Well, my partner and I won with a total of 23 pounds. Couldn't ask for a better finish !!


----------



## bones44 (Jan 7, 2011)

Forgot to add 14" is actual legal size. Thanks guys !!


----------



## youngdon (Mar 10, 2010)

:fishing:Way to go Tom !! Congrats to you and your partner.


----------



## Mattuk (Oct 16, 2010)

Well done Tom, thats fantastic!


----------



## hassell (Feb 9, 2010)

Congrats. on a successful weekend.


----------



## SWAMPBUCK10PT (Apr 5, 2010)

*---BELATED-----GOOD LUCK BONES----and CONGRADS ON THE WIN---sb*


----------



## Antlerz22 (Apr 18, 2011)

Good job bones, so where does that leave you now? Is that an invite automatic to the next one or what did you win?


----------



## bones44 (Jan 7, 2011)

Thanks guys !! Won money and bragging rights til the next one. It's a club that promotes more about the fishing and friends than on just the money. A real great group of guys that all help each other out. Weights go toward year end awards.


----------



## On a call (Mar 3, 2010)

Next issue of Pro Bass fisherman. Tom and Babe Winkleman, " Where the lunkers lie "


----------



## bones44 (Jan 7, 2011)

LMAO... Me and the "BABESTER"


----------



## On a call (Mar 3, 2010)

Yep in discussion about lying lunkers.


----------



## bones44 (Jan 7, 2011)

Ha, ya mean the kind that keep growing as the tales get retold ?


----------



## On a call (Mar 3, 2010)

There ya go....Only joking..congrats to you both.


----------



## bones44 (Jan 7, 2011)

I know, thanks Brian. It was alot of fun. Caught them all on senkos and shaky head worm jigs. *[Excuse my language.... I have a limited vocabulary]* things wouldn't bite on anything else.


----------



## On a call (Mar 3, 2010)

That is the fun of those negitive bites....trying to find that darn trigger.

How deep were they.


----------



## bones44 (Jan 7, 2011)

10-12 feet. A few were hitting topwaters first light. Very few


----------



## On a call (Mar 3, 2010)

Kidda deep then ! Top water is best fun but slow to produce large fish.

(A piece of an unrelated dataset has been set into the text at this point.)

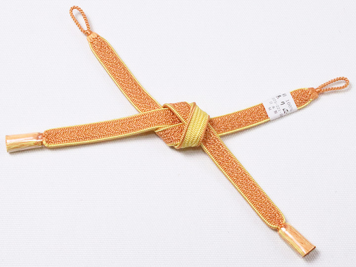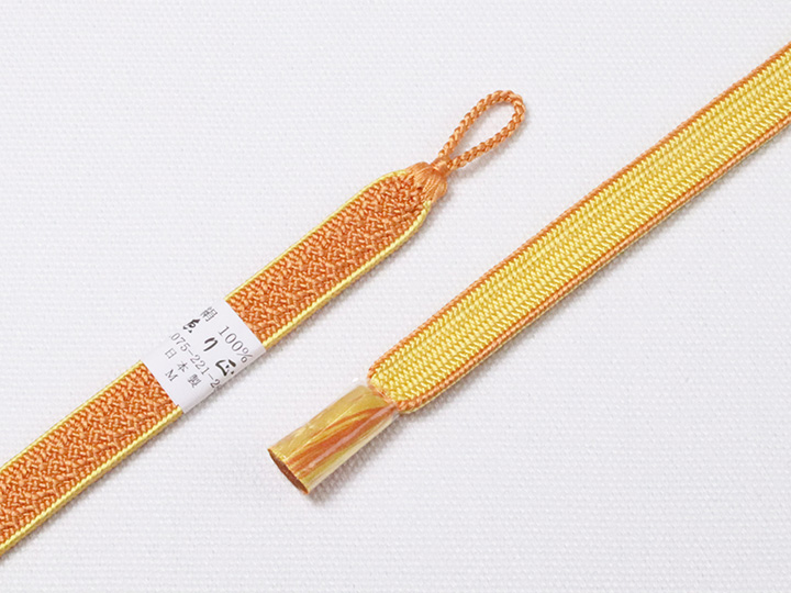 羽織紐 「女短 綾高麗耳付昼夜」 カラー: 深支子/花葉色(14) 素材: 絹 100% 日本製 <ERISHO ORIGINAL> <MADE IN KYOTO>

So were they suspended or on the bottom ?


----------



## bones44 (Jan 7, 2011)

On the bottom. The shaky heads are a jig head with a worm that you slightly twitch and drag on bottom to get their attention. They were slamming them on the edge of the drop off in the weed edges.


----------



## bar-d (Feb 3, 2010)

bones44 said:


> Heading out for another bass tourney in a few. Need all the luck I can get. Lagging behind in weight. Last one all I caught were about 20 darn 12" bass. 16" is legal. This is my first year doing this and am loving it !! Anyone else on here tried their hand at it ?


 I used to fish TABC (Texas Association of Bass Clubs) Top 6 tournaments. The top six point getters through the entire year of each member club's own tournaments became the club's team. That team competed with other teams in the regional tournaments. The state was divided into 6 regions. The top team in each region met at the state tournament. Best year I had, my teammates and I won the western region finals at Lake Amistad in Del Rio and competed for state at Sam Rayburn. We came in 3rd in the state. No time or money to fish tournaments any more. Sold my Skeeter about 10 years ago.


----------



## youngdon (Mar 10, 2010)

That's a pretty notable accomplishment Danny, you must dangle a mean worm.


----------



## bones44 (Jan 7, 2011)

I'm really enjoying it so far. I like the competition and the chance to learn more from other more experienced guys. There are several local tournaments to fish on a daily basis around here, but like you said time and money are a huge factor. Just glad to be able to do it. Can't forget kudo's to you on that kind of accomplishment. People think it's so easy to just go out and catch bass. To be able to do it on a consistent basis and of a good size takes alot of skill and knowledge !!


----------



## youngdon (Mar 10, 2010)

I'll second that, Tom.


----------